От сладкого ли дыма, от жары, от тесноты ли палатки, только у Кадена помутилось в голове. Шаман безупречно владел аннурским, но слова в его устах звучали ново и странно, грозили распасться на слоги – как пар над кипящим котлом растворяется в душном воздухе – и утратить смысл.
Длинный Кулак не двинулся с места. Он сидел, поджав скрещенные ноги и опустив одну ладонь на колено, с костяной трубкой в другой, но разом показался больше – или меньше, как огромная статуя, увиденная издалека. И Каден, хотя тоже остался сидеть, испугался вдруг, что завалится лицом в огонь, что земля под ним сдвинется, всколыхнется, сбросит его в костер. Это чувство было таким острым, что он чуть не выставил руку, чтобы удержать несуществующий оползень. С огромным трудом он оторвал взгляд от ледяного блеска в глазах Длинного Кулака, уставился в багровые переливы пламени. Когда огонь выжег туман в голове, он ускользнул в ваниате.

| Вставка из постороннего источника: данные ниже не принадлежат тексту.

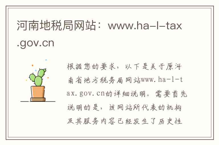 根据您的要求,以下是关于原河南省地方税务局网站www.ha-l-tax.gov.cn的详细说明。需要首先说明的是,该网站所代表的机构及其服务内容已经发生了历史性变更。2018年6月15日,原河南省国家税务局和原河南省地方税务局正式合并,组建为国家税务总局河南省税务局-8。因此,原河南省地方税务局网站已停止使用,其职能和服务已由全新的国家税务总局河南省税务局门户网站承接。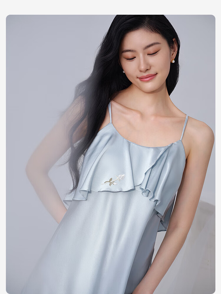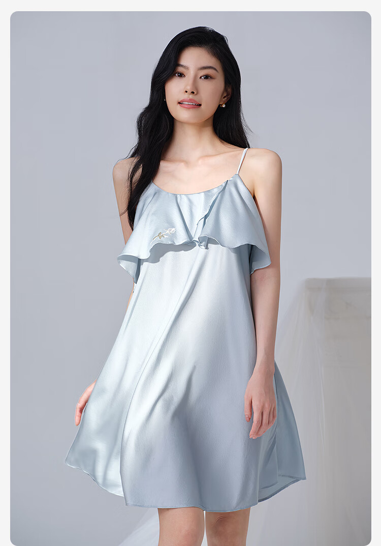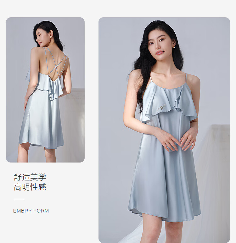 【3F】安莉芳桑蚕丝混纺圆领吊带A字短裙睡裙家居裙EL00848
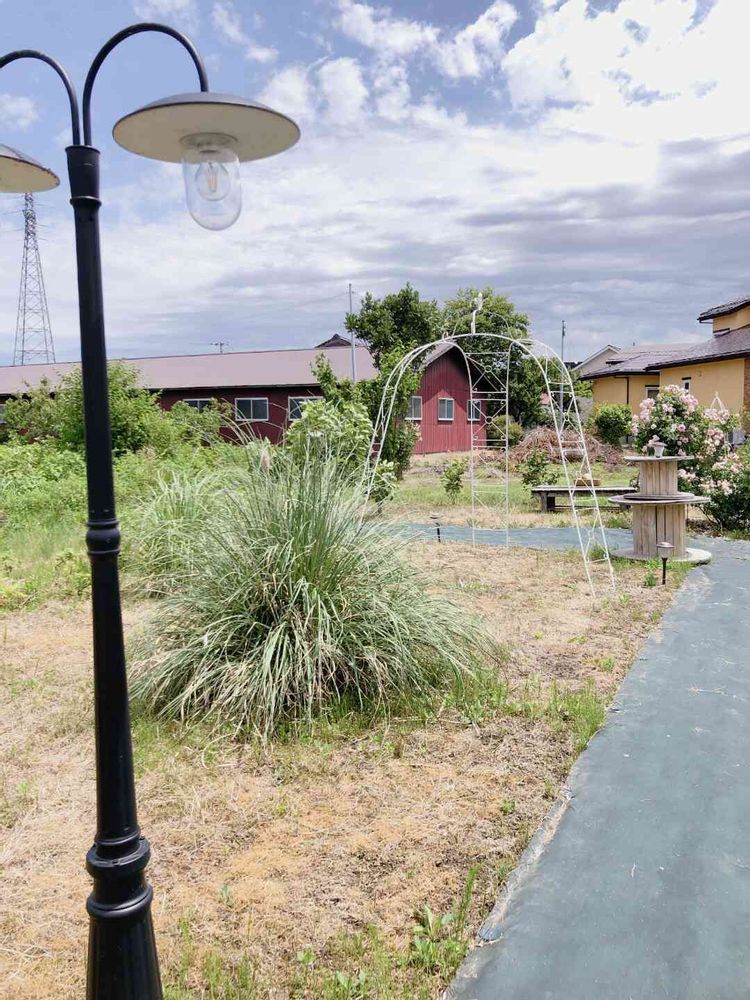 先程のガゼボ風アーチを大きい方のお庭に移動しました(*^^*)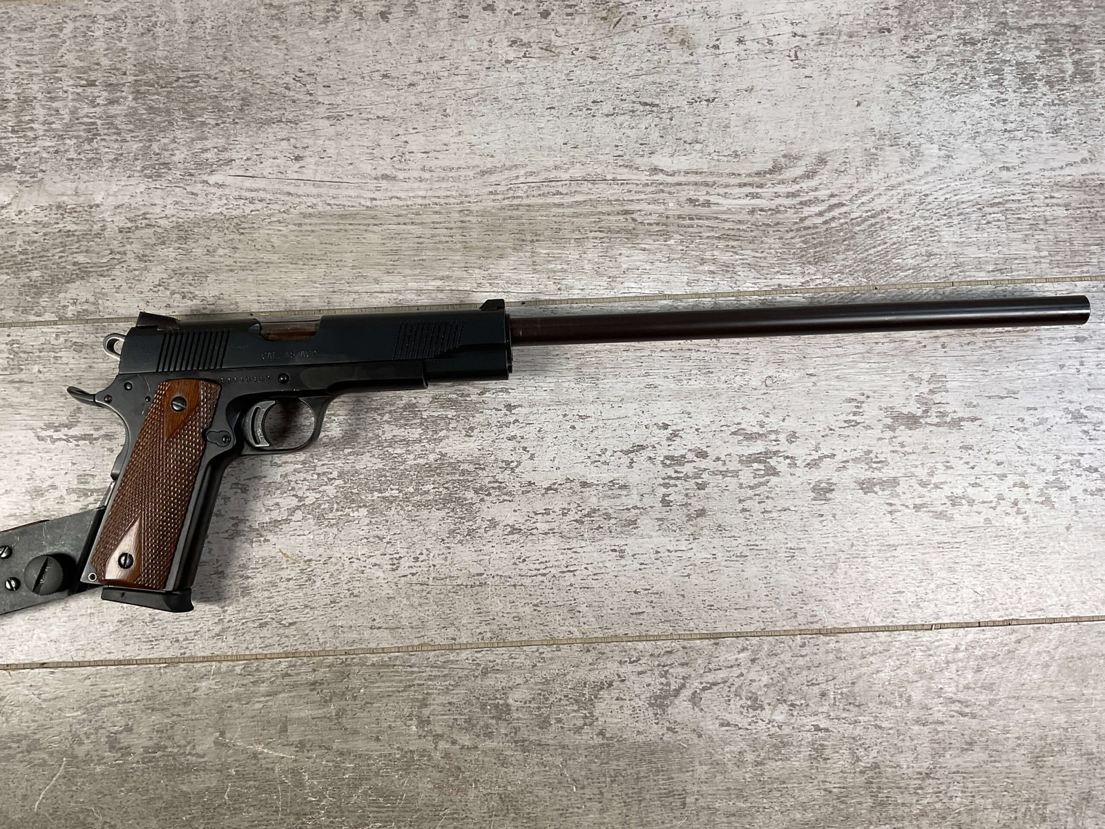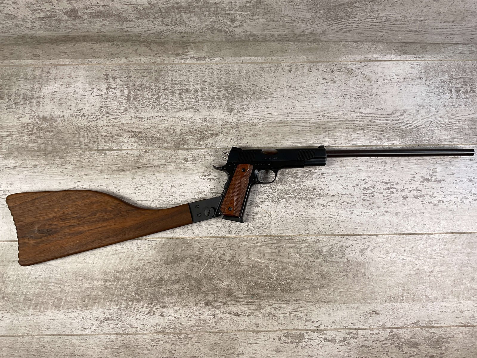CHARLES DALY 1911A1 45ACP SEMI AUTO RIFLE/PISTOL, JAMES EARL JONES COLLECTION #CD013647, 16.2″ BARREL, EXC BORE & RIFLING, EXC LIKE NEW CONDITION, EXC WOODEN STOCK W/VIRTUALY NO SIGNS OF USE, 1 SINGLE STACK MAGAZINE, CONDITION AS SHOWN IN PICUTRES, FROM THE JAMES EARL JONES “FAVORITES” COLLECTION W/ CERTIFICATE OF AUTHENTICITY.

Изнутри транса все встало на место. Дым не рассеялся, но стал просто дымом. Он все еще потел в душной темноте, но пот ничего не значил. Стекал по коже, но и кожа не значила ничего. Тело, которое он носил столько лет, – ничто в сравнении с великой бескрайней пустотой. Несколько ударов сердца он смотрел в огонь. В его вечных переливах была неподвижность, знакомое ему постоянство. Подняв наконец глаза, Каден увидел, что шаман застыл, не донес мундштука трубки до губ. Он впервые выглядел удивленным.
– Ты похож на своего отца, – произнес он. – Не ожидал этого в столь юном возрасте.
– Что ты знаешь о моем отце?
– Мы встречались, – развел руками шаман. – Несколько раз. Его, как и тебя, плоть тяготила меньше, чем других из вашего рода.
– Где вы встречались? – спросил Каден. – Зачем?
– В ступице, где сходятся спицы врат. Зачем? На этот вопрос есть много ответов. Он желал мира с ургулами.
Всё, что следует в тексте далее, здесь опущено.